Computing the full Hessian of the NLL w.r.t. the parameter of interest and the nuisances we get a matrix of the form:

$$I=\begin{bmatrix} \partial_{\mu\mu} NLL & \partial_{\mu n_b} NLL & \partial_{\mu\theta} NLL \\ \partial_{n_b\mu} NLL & \partial_{n_b n_b} NLL & \partial_{n_b\theta} NLL \\ \partial_{\theta\mu} NLL & \partial_{\theta n_b} NLL & \partial_{\theta\theta} NLL \\ \end{bmatrix}$$

This is referred to as the Fisher information matrix $I$.

The diagonal elements charaterise the expected variance of each parameter, and the off-diagonal elements characterise the interactions between the parameters. Inverting the Hessian and then taking the $\mu\mu$ element provides us with a single value whose minimisation will lead to a narrowing to the NLL width in $\mu$, whilst accounting for the interactions between $\mu$ and the nuisance parameters. Note that this is not the same as taking the reciprocal of the $\mu\mu$ element of the Hessian, since that ignores the effect of the nuisance parameters.

Our loss is therefore $(I^{-1})_{0,0}$ (where the parameter of interest, $\mu$, is the zeroth element)

Soft binning

One problem, though, is that our usual approach to computing NLL relies on binning the output of the network. Such an approach here would not allow the loss to be differentiable.

The approach taken by INFERNO is to mimic the binning by having multiple outputs for the DNN. A softmax output activation function is then used to normalise the sum of outputs per datapoint to be one, effectively providing a soft-assignment of the datapoints to each of the 'bins'. The inputs to the softmax can be multiplicatively rescaled to better approximate a hard assignment to a given bin, whilst still allowing the loss to be differentiated.

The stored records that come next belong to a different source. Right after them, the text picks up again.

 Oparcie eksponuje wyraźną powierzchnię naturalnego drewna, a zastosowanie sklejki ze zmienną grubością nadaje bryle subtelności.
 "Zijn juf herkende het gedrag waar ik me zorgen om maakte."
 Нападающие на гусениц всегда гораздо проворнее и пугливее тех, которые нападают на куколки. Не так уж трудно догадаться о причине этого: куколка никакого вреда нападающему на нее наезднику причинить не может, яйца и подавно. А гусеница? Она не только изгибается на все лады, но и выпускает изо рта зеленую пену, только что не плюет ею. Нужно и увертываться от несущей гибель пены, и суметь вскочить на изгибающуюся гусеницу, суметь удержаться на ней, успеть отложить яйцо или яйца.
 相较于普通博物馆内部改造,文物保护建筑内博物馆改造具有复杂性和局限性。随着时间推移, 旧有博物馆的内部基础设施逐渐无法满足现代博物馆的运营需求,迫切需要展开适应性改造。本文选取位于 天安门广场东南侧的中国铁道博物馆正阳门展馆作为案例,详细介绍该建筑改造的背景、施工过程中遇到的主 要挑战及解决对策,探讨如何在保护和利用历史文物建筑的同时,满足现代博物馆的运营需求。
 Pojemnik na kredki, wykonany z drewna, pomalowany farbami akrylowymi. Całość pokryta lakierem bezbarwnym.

Note that in this case, in might be more intuitive to think of each output of the DNN not as a bin in a histogram, but as an abstract class (or cluster) of datapoints which emerge as a function of the training: certainly there is no reason to expect the outputs to exhibit any form of ordering, like a histogram might, and due to the random initialisation of the network parameters, no two trainings will result in the same output densities.

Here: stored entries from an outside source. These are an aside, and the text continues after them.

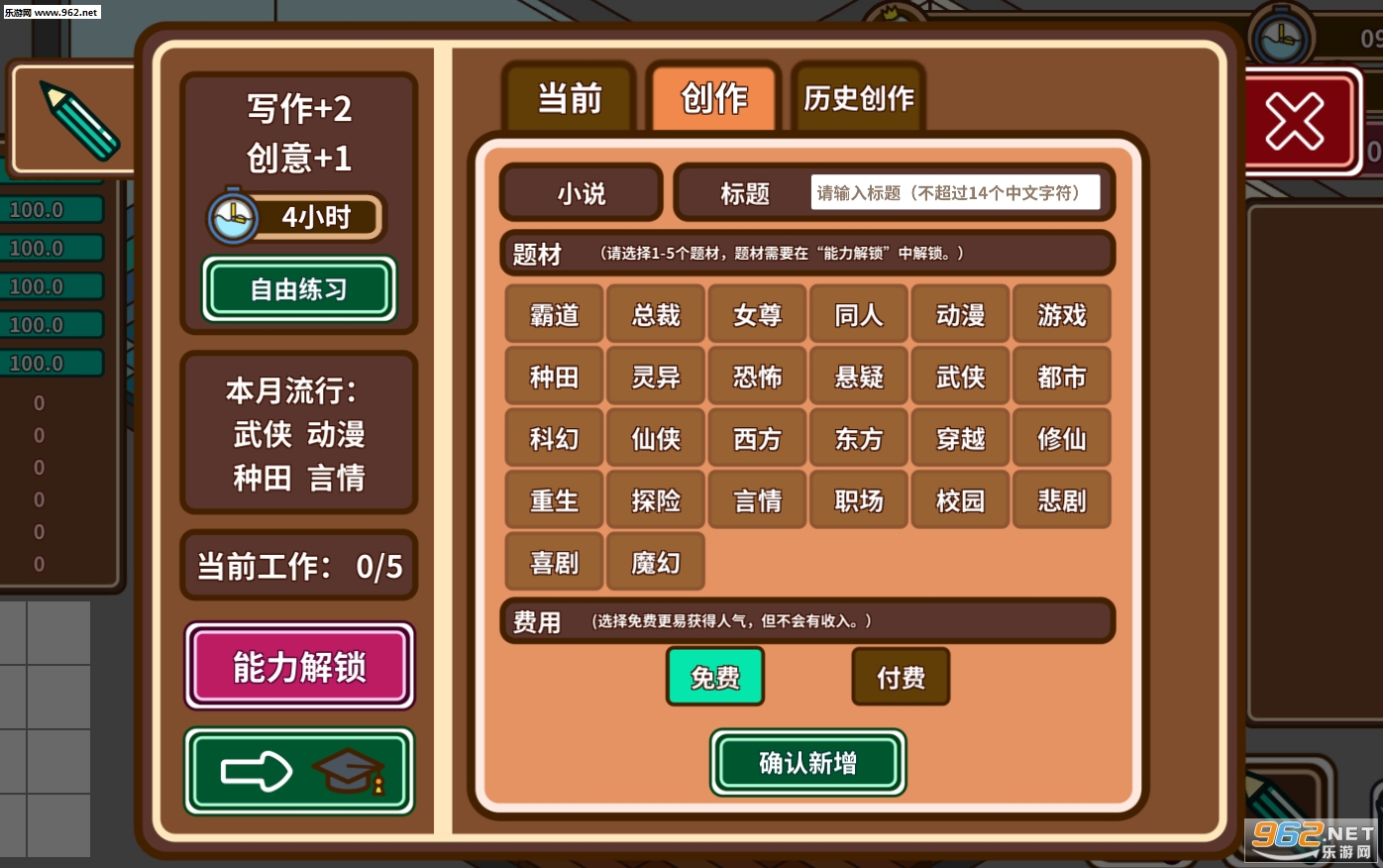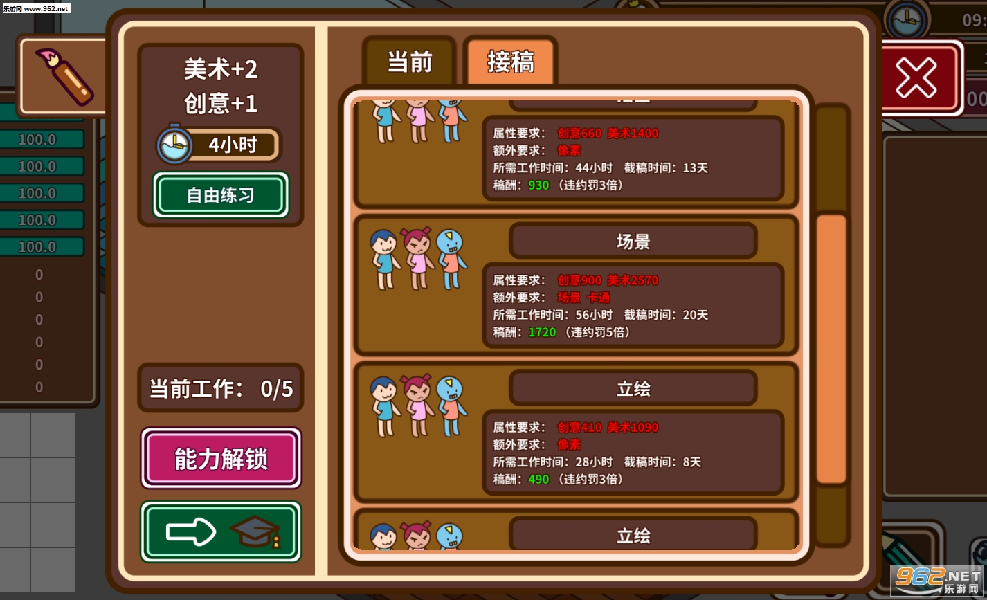游戏中玩家可以变身成为一名拥有超强写作能力和作画能力但是从来不喜欢出门的角色,玩家只能通过接受各种委托来进行创作,根据不同的组合来创作出满意的作品!
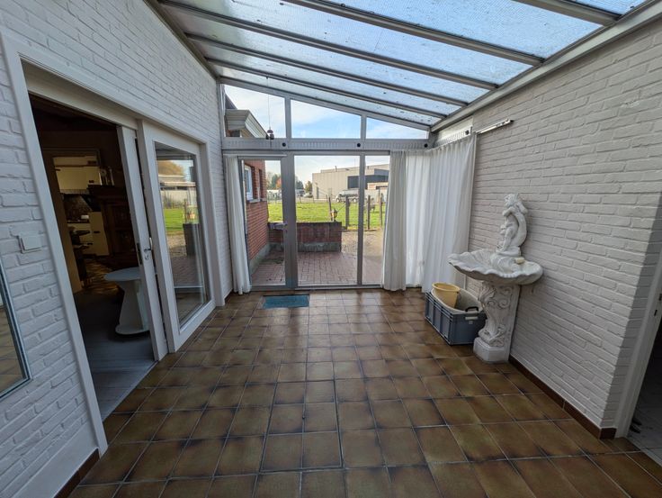 ruime inkomhal, 2x leefruimte, keuken, badkamer, slaapkamer, veranda en garage
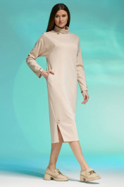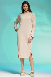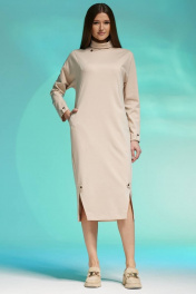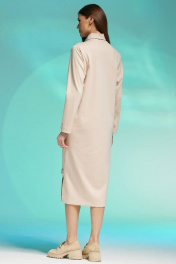 Комплектация: платье Силуэт: прямой Тип ткани: трикотаж Вырез горловины:воротник-стойка Длина изделия: по спинке - 118см Длина рукава: 62 см, рукав цельнокроенный, с имитацией квадратной проймы. Дополнительное описание: платье с подрезами по переду и карманами. По низу платья- разрезы. По низу рукавов и разрезов- декоративные паты с кнопкой.
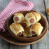Adagiare i rotolini sulla placca del forno, distanziati l'uno dall'altro. Spennellarli con il tuorlo d'uovo e fare cuocere in forno a 180° per 30 minuti circa.
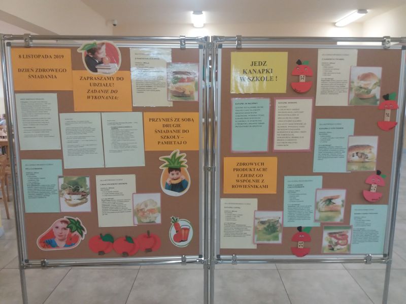 Aby wypromować zdrowy styl życia wśród dzieci i młodzieży, w dniu 8 listopada społeczność naszej szkoły włączyła się w europejskie obchody Dnia Zdrowego Śniadania. W ramach przygotowań do tego dnia dzień wcześniej nadano komunikat przez radiowęzeł szkolny, przygotowano wystawkę promującą ideę spożywania zdrowego drugiego śniadania w szkole oraz przygotowano dekorację stołówki szkolnej.
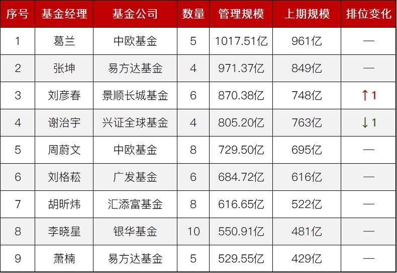 整体看这9位基金经理的管理规模都有所上升,排序上刘彦春超过了谢治宇。
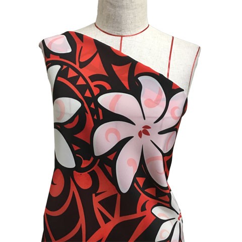 ハワイアン生地 ティアレ柄 コシボ生地 レッド KH-532-RD-K 3-5営業日後発送
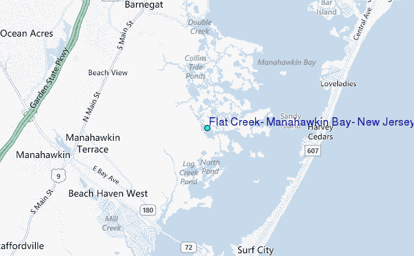 Use this relief map to navigate to tide stations, surf breaks and cities that are in the area of Flat Creek, Manahawkin Bay, New Jersey.
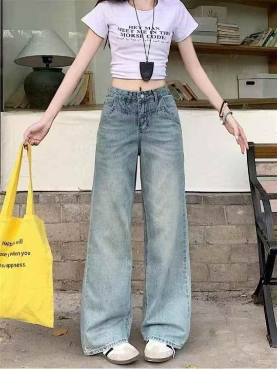 弹力浅色阔腿牛仔裤女梨形身材夏季宽松显瘦垂感直筒拖地裤30条全清12.8元,...

One could expect, though, that the learned clustering would instead follow differing densities of signal and background based on confidence in assignment (e.g. strongly expect signal, strongly expect background, and reasonably signal-like), the stringency of which varies according to the yields of signal and background, and any uncertainties on them. Effectively, the network is allowed to learn its own binning of the data for the particular inference task at hand.

INFERNO implementation

Variable Softmax for binning

The softmax activation performs the following operation:

$$\sigma(\bar{x})_i = \frac{e^{x_i}}{\sum_j e^{x_j}}$$

i.e. it normalises each output of the network $x_i$ according to the all outputs $\bar{x}$, such that $\sum_i\sigma(\bar{x})_i=1$

As an example:

from torch import Tensor, nn
nn.Softmax(dim=-1)(Tensor([1,2,3]))
tensor([0.0900, 0.2447, 0.6652])

The output vector gets normalised to one, with each input element having a proportionate representation in the output. Since we are using the softmax to simulate the hard assignment of predictions to bins, however, we want to magnify any slight differences in the predictions, such that the largest input to the softmax has a greater than proportional representation in the output. This can be achieved by rescaling the inputs prior to the softmax (VariableSoftmax):

class VariableSoftmax(nn.Softmax):
    r'''Softmax with temperature'''
    def __init__(self, temp:float=1, dim:int=-1):
        super().__init__(dim=dim)
        self.temp = temp

    def forward(self, x:Tensor) -> Tensor: return super().forward(x/self.temp)
from pytorch_inferno.inferno import VariableSoftmax
VariableSoftmax(0.1)(Tensor([1,2,3]))
tensor([2.0611e-09, 4.5398e-05, 9.9995e-01])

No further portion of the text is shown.